« L’innommable » est l’ultime
volet de la trilogie sans nom, après « Molloy » et « Malone
meurt ». Comme ses grands frères, il est obscur, opaque et surtout
décharné. À chaque page ou presque le narrateur (Mahood, Worm, un autre ?)
perd un bout de son corps. Pas sûr qu’en début de livre il était entier, mais
certain qu’à la fin il ne reste plus rien. Sur ce point, ce roman difficile d’accès
peut être placé près de « La peau de chagrin » de BALZAC, mais
seulement sur ce point. Pour le reste, il est résolument original et tortueux et
loin du classicisme.
Des personnages des deux premiers tomes de
la trilogie réapparaissent, furtivement. Molloy et Malone notamment. Mais sont-ce
bien eux ? Comme toujours chez BECKETT, une réflexion apporte une
question, une réponse puis une contre-réponse. Nous ne sommes jamais sûrs de
rien. Le narrateur (qui ?) est immobile, dans une chambre, sur une île.
C’est tout. « Je n’ai besoin de rien
savoir sur moi ». Sa vue baisse. Ah, il est insomniaque. Et seul. Très
seul. Encore que. Car il croise de nombreux personnages dans cette histoire
(notamment ceux de sa toute première trilogie démarrée avec « Watt »,
ici entraperçus), mais n’est-ce pas uniquement en pensée, en souvenir ou en
imagination ? N’a-t-il pas inventé ces formes humaines ?

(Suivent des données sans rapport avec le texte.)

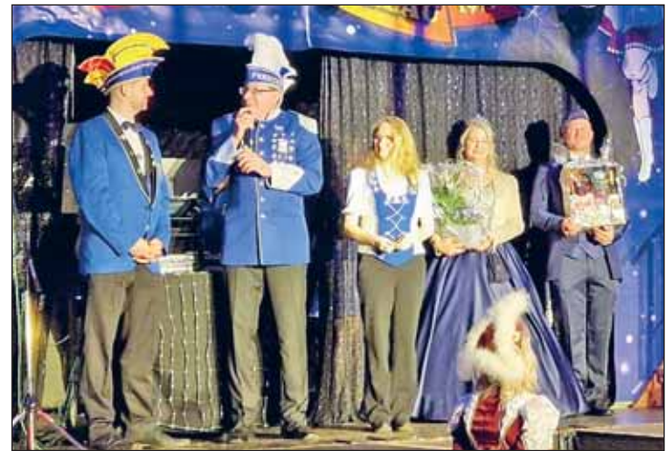
der WKC beim OCC

Da Karnevalisten gerne feiern (ja wer hätte das denn gedacht), wird jede freie Gelegenheit genutzt, auch andere Vereine zu besuchen. Nachdem letztes Jahr im November viele befreundete Vereine bei unserem Jubiläum zu Gast waren, können wir dieses Jahr befreundeten Vereinen zu ihren Jubi's gratulieren. Angefangen am 25. Januar 2025 bei unserem direkten Nachbarn, 50 Jahre Ottendorfer Carnevals Club e.V. folgten am 01. Februar 2025 die Jubiläumsveranstaltung 675 Jahre Weinböbla & 55+1 Jahre WKV. Und es werden diese Saison noch einige folgen.

J’oubliais : il est unijambiste. Et peu à peu devient sourd. Muet. Du
moins c’est ce que l’on croit comprendre. On voit deux moignons à la place des
mains. Choc ultime : son corps rétrécit. « Ayant déjà perdu une jambe, il est vraisemblable en effet que j’aie pu
égarer l’autre. De même pour les bras. Transition facile, en somme. Même que
dire de cette autre vieillesse dont ils m’ont gratifié, si j’ai bonne mémoire,
et de cette autre maturité, auxquelles il ne manquait ni bras ni jambes, mais
seulement la faculté d’en tirer parti ? ».
Dans ce roman on navigue en pleine opacité,
pas de décor, pas de temporalité pour se repérer, quasiment pas d’espace, aucun
repère géographique. Une île, mais cette information non plus n’est pas
vérifiée. Ni vérifiable. Les phrases se font de plus en plus longues, voire
presque interminables. Mais décharnées, ça me paraît définitivement le terme le
plus approprié. BECKETT excelle dans la déconstruction de la littérature.

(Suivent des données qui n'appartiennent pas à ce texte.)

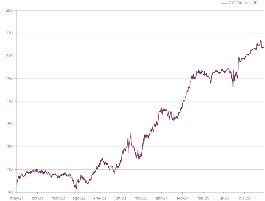
EVOLUCIÓN DE CUOTAPARTE DESDE INICIO
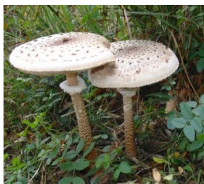
Гриб зонтик пёстрый, большой
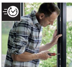
Snabb elektrisk skruvning
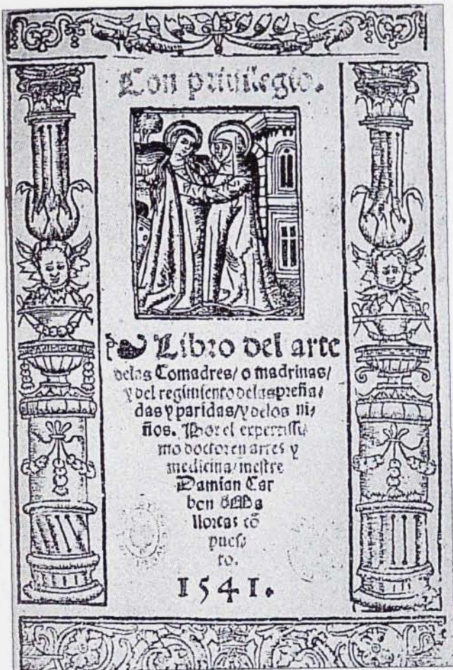
El Libro del arte de las Comadres de Damià Carbó, 1541

Écrire un roman sans intrigue, sans dialogues, sans vis-à-vis, sans décor, sans
à-côté, sans rien de palpable, c’est le génie de BECKETT. Des sensations, une
perte progressive de tout aspect humain. Cette perte, inaugurée avec
« Molloy », s’est poursuivie dans « Malone meurt », avant
l’apothéose du néant dans cet « Innommable ». Cet « Innommable »

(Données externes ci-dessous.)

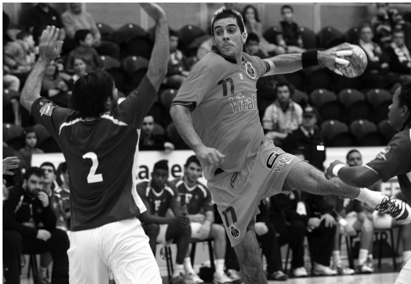
Tavira. FC Porto quer conquistar a dobradinha e para isso tem de vencer amanhã o Benfica nas «meias» da Taça

Questionado se este poderá ser o jogo entre as duas melhores equipas do Campeonato, o «universal» do FC Porto foi peremptório: “O FC Porto Vitalis é seguramente a melhor, pois é o Campeão; quanto ao Benfica, não tenho tanta certeza,

qui, en plus de la déchéance du corps, peu à peu puis de plus en plus
rapidement, perd parallèlement son humour ‘so british’. Il devient pesant,
poisseux, comme nihiliste.
« À
aucun moment je ne sais de quoi je parle, ni de qui, ni de quand, ni d’où, ni
avec quoi, ni pourquoi, mais j’aurais besoin de cinquante bagnards pour cette
sinistre besogne qu’il me manquerait toujours un cinquante et unième, pour
fermer les menottes, ça je le sais, sans savoir ce que ça veut dire ».
C’est peut-être cette phrase du livre qui reflète le mieux BECKETT et son
univers.
« Faisons
comme si j’étais seul au monde, alors que j’en suis le seul absent ».
Trilogie clinique et mathématique, comme dénuée de fondement, et pourtant elle
explique tellement. Le dernier volet est sorti en 1953 aux éditions de Minuit,
il est régulièrement réédité dans cette maison depuis.